> **WHAT THE TASK REQUIRES**: All lines from the one containing "This item is" through the end of the material below are to be printed exactly, both ends included, minus pictures.

(Beginning of DATA PROVIDED)

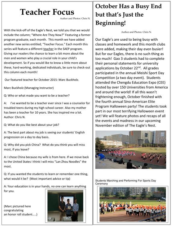 在我們的鷹之巢的創(chuàng)始之初,我們有一個專欄叫“他們在……”,在這上面我們每個月都會向大家介紹一位我們中美英才班的畢業(yè)生。從這個月開始我們開設了一個新版塊“教師關注”。每個月我們都會專訪一位中美英才班的老師,讓我們的讀者對我們的老師有更多的了解。所以如果你們想要了解更多,敬請關注我們這一新版塊!我們201510月的專訪教師是Marc Buckholz.
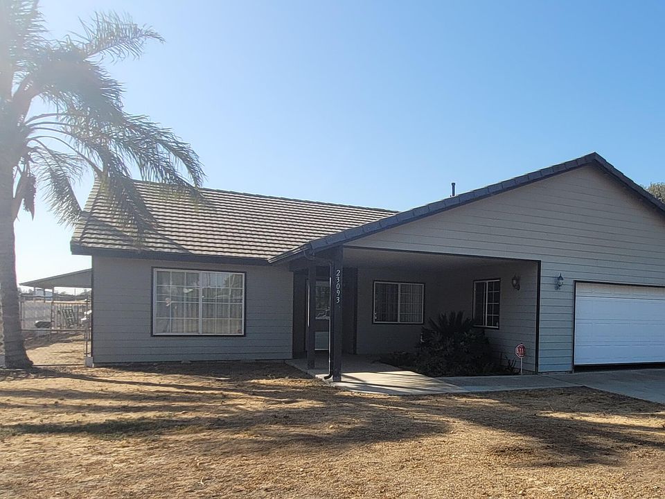 Great west side location on the outskirts of Porterville with home, pool, shop, barn on 1.05 acre lot. This home is 1665 square ft, 3 bedroom, 1 3/4 bath,, as you walk out the sliders from the dining room to a covered patio and fenced in ground pool. Past the pool is the shop with a room that would be perfect for an office or pool room. There is half bathroom in the shop. This property is set up for horses.. Beautiful views! Call Today!.
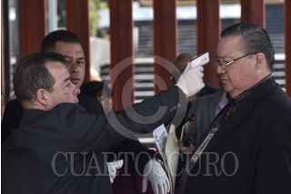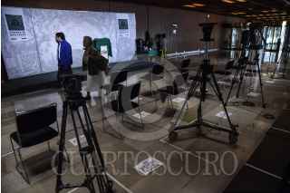 CIUDAD DE MÉXICO, 17MARZO2020.- Los lugares para los medios de comunicación en la zona de conferencia se colocaron separados como medida de prevención ante el coronavirus (covid-19). FOTO: MARIO JASSO /CUARTOSCURO.COM
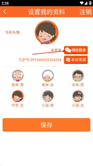 3、在設(shè)置我的資料頁(yè)面,可選擇對(duì)應(yīng)頭像樣式,點(diǎn)擊微信登錄完成賬號(hào)登錄。
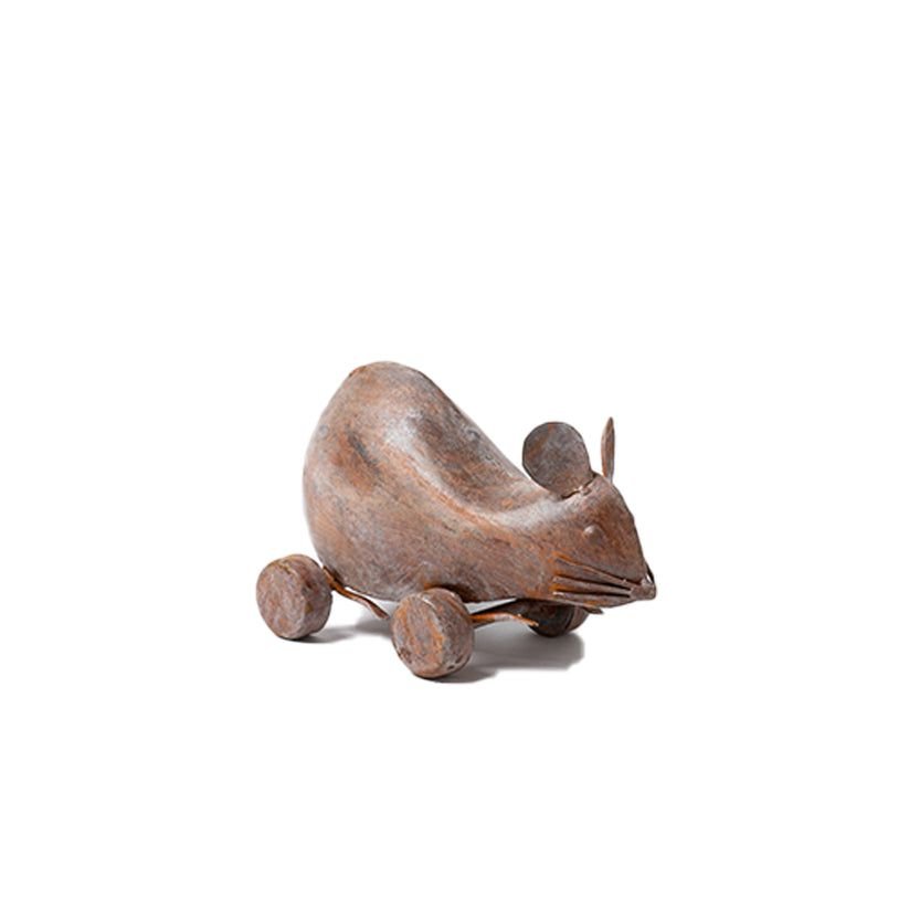 This item is a jodhpur crafts Reclaimed Iron Rat on Wheel Figurine. It is a handcrafted, decorative collectible item made from recycled iron and scrap metal.
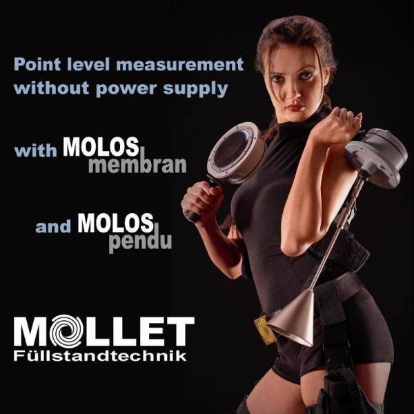 Der Wunsch vieler Kunden Energie einzusparen wird nicht nur von den innovativsten Sensoren sondern auch von Füllstandmessgeräten erfüllt, die eine zuverlässige und preiswerte Füllstandüberwachung ohne elektrische Energie ermöglichen. Die Messgeräte der MOLOSmembran und MOLOSpendu Baureihe der MOLLET Füllstandtechnik entsprechen genau dieser Anforderung und werden von zufriedenen Kunden weltweit in den Bereichen Lagern, Transportieren und Verarbeiten von Schüttgütern eingesetzt.
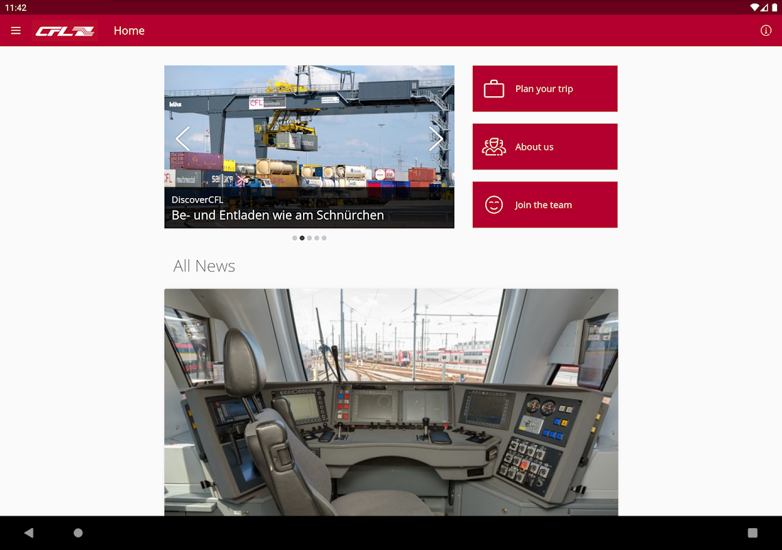 Grazie a insideCFL avrai sempre le ultime informazioni CFL ovunque tu sia. Vuoi restare aggiornato sulle novità della nostra azienda? Se è così, resta solo un clic/download da fare! Oltre alle informazioni attuali sulle nostre diverse attività, sia nel campo dei trasporti pubblici che del trasporto merci e della logistica, insideCFL vi fornisce informazioni sui diversi servizi della nostra azienda, ad esempio l'offerta di carsharing della nostra affiliata CFL Mobility o i viaggi da sogno offerto da CFL évasion. Per coloro che desiderano unirsi al nostro gruppo come futuro dipendente in uno dei nostri ambienti di lavoro stimolanti, l'app fornisce una panoramica di tutte le attuali opportunità di lavoro da cogliere. I nostri colleghi CFL approfittano di ulteriori funzionalità esclusive nella parte staff dell'app.

(End of DATA PROVIDED)

> **RESPONSE**:
 This item is a jodhpur crafts Reclaimed Iron Rat on Wheel Figurine. It is a handcrafted, decorative collectible item made from recycled iron and scrap metal.
 Der Wunsch vieler Kunden Energie einzusparen wird nicht nur von den innovativsten Sensoren sondern auch von Füllstandmessgeräten erfüllt, die eine zuverlässige und preiswerte Füllstandüberwachung ohne elektrische Energie ermöglichen. Die Messgeräte der MOLOSmembran und MOLOSpendu Baureihe der MOLLET Füllstandtechnik entsprechen genau dieser Anforderung und werden von zufriedenen Kunden weltweit in den Bereichen Lagern, Transportieren und Verarbeiten von Schüttgütern eingesetzt.
 Grazie a insideCFL avrai sempre le ultime informazioni CFL ovunque tu sia. Vuoi restare aggiornato sulle novità della nostra azienda? Se è così, resta solo un clic/download da fare! Oltre alle informazioni attuali sulle nostre diverse attività, sia nel campo dei trasporti pubblici che del trasporto merci e della logistica, insideCFL vi fornisce informazioni sui diversi servizi della nostra azienda, ad esempio l'offerta di carsharing della nostra affiliata CFL Mobility o i viaggi da sogno offerto da CFL évasion. Per coloro che desiderano unirsi al nostro gruppo come futuro dipendente in uno dei nostri ambienti di lavoro stimolanti, l'app fornisce una panoramica di tutte le attuali opportunità di lavoro da cogliere. I nostri colleghi CFL approfittano di ulteriori funzionalità esclusive nella parte staff dell'app.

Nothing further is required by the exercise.